Optimal and instance-dependent guarantees for Markovian linear stochastic approximation
This work offers theoretical guarantees for stochastic approximation in reinforcement learning and time series, with potential impact on hyperparameter tuning, though it is incremental in refining existing bounds.
The paper tackles the problem of analyzing stochastic approximation algorithms for solving linear fixed point equations using data from ergodic Markov chains, providing non-asymptotic bounds on error and establishing instance-optimality for averaged estimators. It achieves results with sharp dependence on parameters like dimension and mixing time, and applies these to policy evaluation and autoregressive models.
We study stochastic approximation procedures for approximately solving a $d$-dimensional linear fixed point equation based on observing a trajectory of length $n$ from an ergodic Markov chain.
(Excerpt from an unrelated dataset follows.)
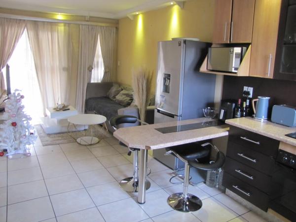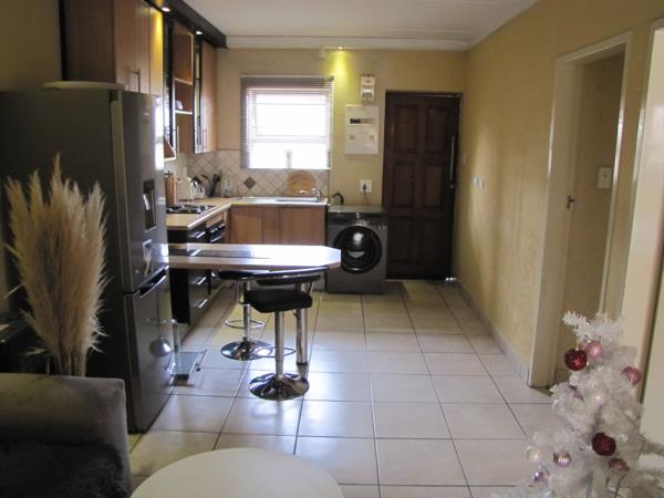 The tiled apartment has an open plan kitchen with ample built-in cupboards and breakfast nook. Further on is the open plan lounge that has a sliding door leading to the outside patio that has a built-in braai.

We first exhibit a non-asymptotic bound of the order $t_{\mathrm{mix}} \tfrac{d}{n}$ on the squared error of the last iterate of a standard scheme, where $t_{\mathrm{mix}}$ is a mixing time. We then prove a non-asymptotic instance-dependent bound on a suitably averaged sequence of iterates, with a leading term that matches the local asymptotic minimax limit, including sharp dependence on the parameters $(d, t_{\mathrm{mix}})$ in the higher order terms. We complement these upper bounds with a non-asymptotic minimax lower bound that establishes the instance-optimality of the averaged SA estimator. We derive corollaries of these results for policy evaluation with Markov noise -- covering the TD($λ$) family of algorithms for all $λ\in [0, 1)$ -- and linear autoregressive models. Our instance-dependent characterizations open the door to the design of fine-grained model selection procedures for hyperparameter tuning (e.g., choosing the value of $λ$ when running the TD($λ$) algorithm).